If he had thought that he was in control of his flight before, he had not seen anything yet. His new bird body was so much better adapted to flight than he had been as a human form with wings. Now Leander joined him in playing around in the air. Owen laughed – he actually laughed – at their antics. He didn’t join them, but he seemed to enjoy watching them all the same.
After a short while Owen announced “OK, fellows, we’re nearly there. That's enough playing around for now.”
Leander and Daecon straightened themselves out and joined Owen in a fast, level flight over the mountain tops. They crested one of these mountains and before them was a large valley. At this end of it there was a glacier, but further on and down the valley was green and lush with a bright blue-green river leaving the glacier and winding down through the valley and emptying into a lake. Owen started a gentle downward glide, and Leander and Daecon joined him on his flight path.
“Our cottage is on the other end of the lake. I hope you will find it to be quite comfortable. It’s off the grid, but we’ve got solar panels and a small hydro generator for power, and we connect to the internet via satellite”, Leander explained.
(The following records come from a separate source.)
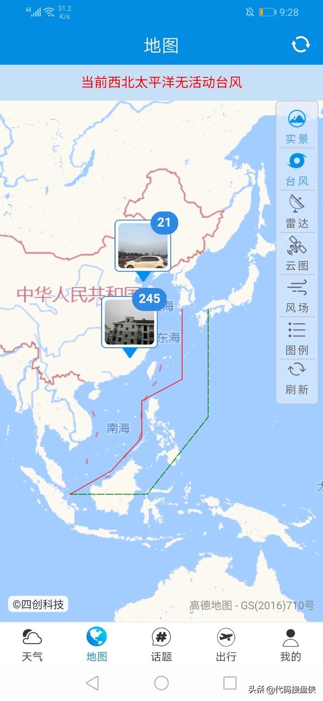 其中的地图模块除了可以查询天气。还可以查实时查询台风的动态。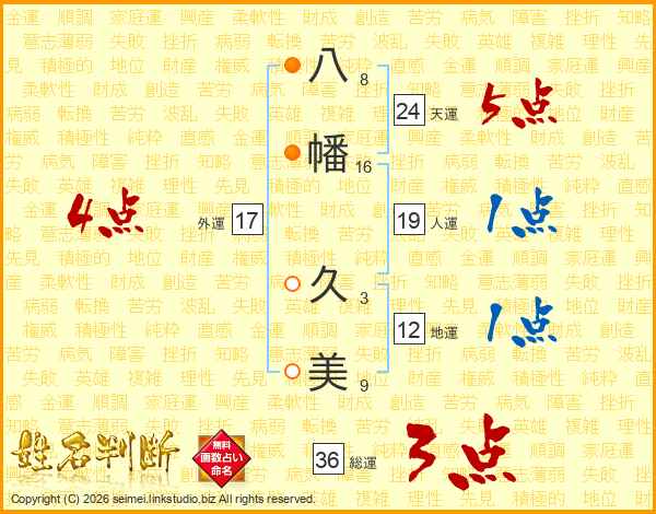 八(8画)幡(16画) 久(3画)美(9画)
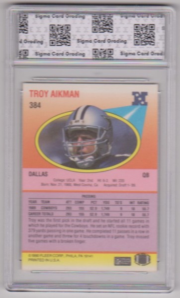 This is a Troy Aikman 1990 Fleer #384 card that has been graded a Mint+ 9.5 by Sigma. The holder has some very light surface wear, but overall this is a nice looking graded card of this NFL Hall Of Famer.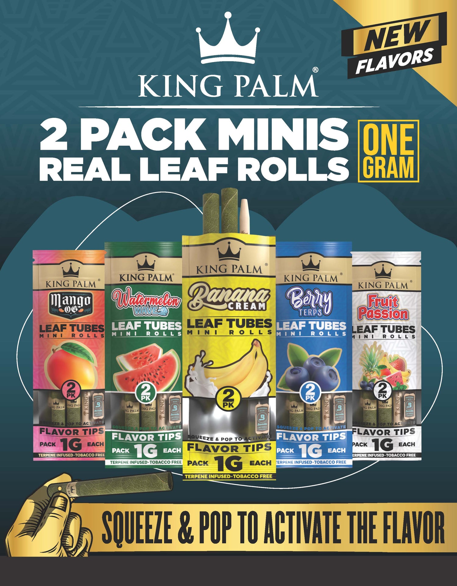 King Palm offers a diverse range of flavors designed to elevate the smoking experience with a variety of aromatic and fruity notes. Their flavor collection includes popular choices like Mango Tango, offering a sweet and tropical twist, and Banana Cream, which provides a smooth, creamy essence. For those who prefer a refreshing touch, the Watermelon Wave and Pine Drip flavors deliver crisp, juicy undertones. King Palm also features the Berry Terps, with its rich, berry-infused profile, and the Magic Mint, perfect for a cool and invigorating smoke. Each flavor is crafted to provide a unique and enjoyable experience, catering to a wide array of taste preferences.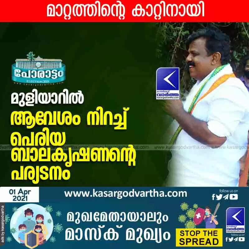 Keywords: Kerala, News, Kasaragod, Top-Headlines, Political party, Politics, Election, Niyamasabha-Election-2021, Muliyar, UDF, Balakrishnan Periya, Exciting election campaign of Periya Balakrishnan in Muliyar.
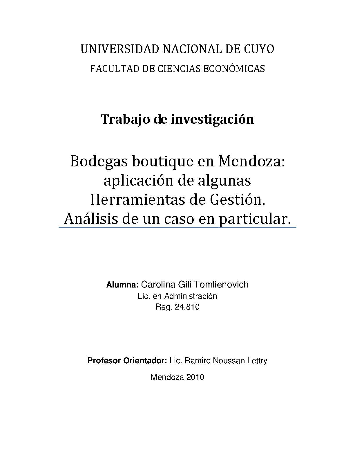 Bodegas boutique en Mendoza: aplicación de algunas herramientas de gestión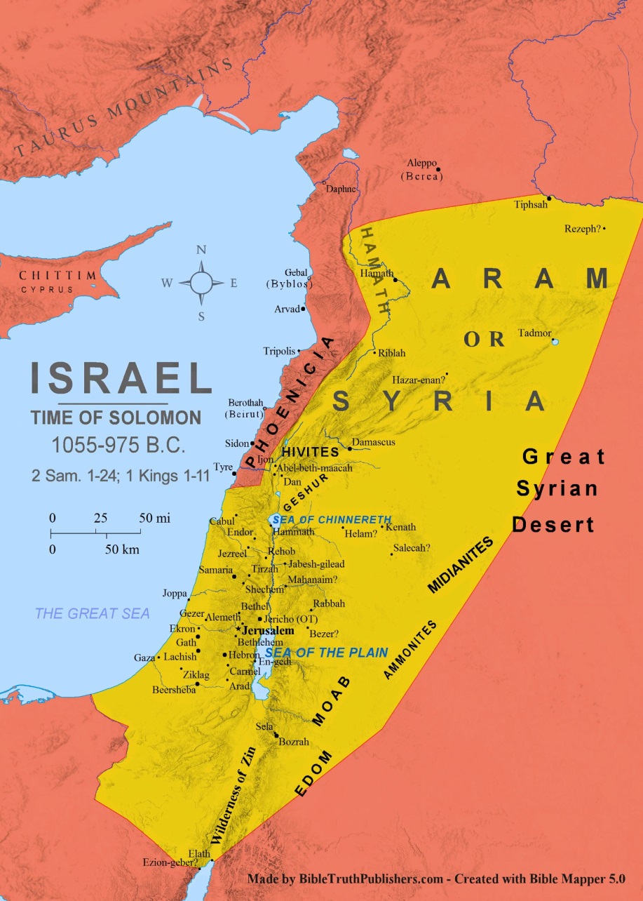 Salomão amava ao Senhor e O adorava no altar em Gibeão, e ali o Senhor apareceu a ele em um sonho e disse: “Pede o que quiseres que te dê”. Salomão pediu um coração entendido para julgar o povo com sabedoria. A escolha agradou a Deus, e Ele lhe deu sabedoria como nenhum rei antes nem depois teve, e acrescentou a ela riquezas e honra além de todos os outros. Se ele fosse obediente, Deus prolongaria seus dias. Sua sabedoria logo se tornou evidente por seu julgamento no caso das duas mulheres com o filho vivo e o filho morto. E pessoas vieram de todos os reinos da Terra para ouvir sua sabedoria. A rainha de Sabá também veio. Isso é mais uma vez um símbolo do reinado de Cristo durante o Milênio. É ainda exemplificado por toda a habitação em segurança, “cada um debaixo da sua videira e debaixo da sua figueira, desde Dã até Berseba, todos os dias de Salomão”.

“I think I see it! Yes, I see it! Log cabin, covered veranda, big stone chimney, solar panels on the roof, right? But it looks like somebody is there. I saw him standing on the veranda, but he just went inside.”
Leander was looking at him strangely again. “How on Earth did you see all of that from here?”
“I don’t know, I just can. So who is it that is there? Another shape shifter?”
“Yes”, Owen said. “That would be our son, Evander. We called him earlier and asked him to meet us here.”
“Son! You never mentioned having a son!”
“No, I suppose we haven’t. We haven’t had enough time to sit down and have a really good talk. That will come later today. We have many things to discuss. Important things.”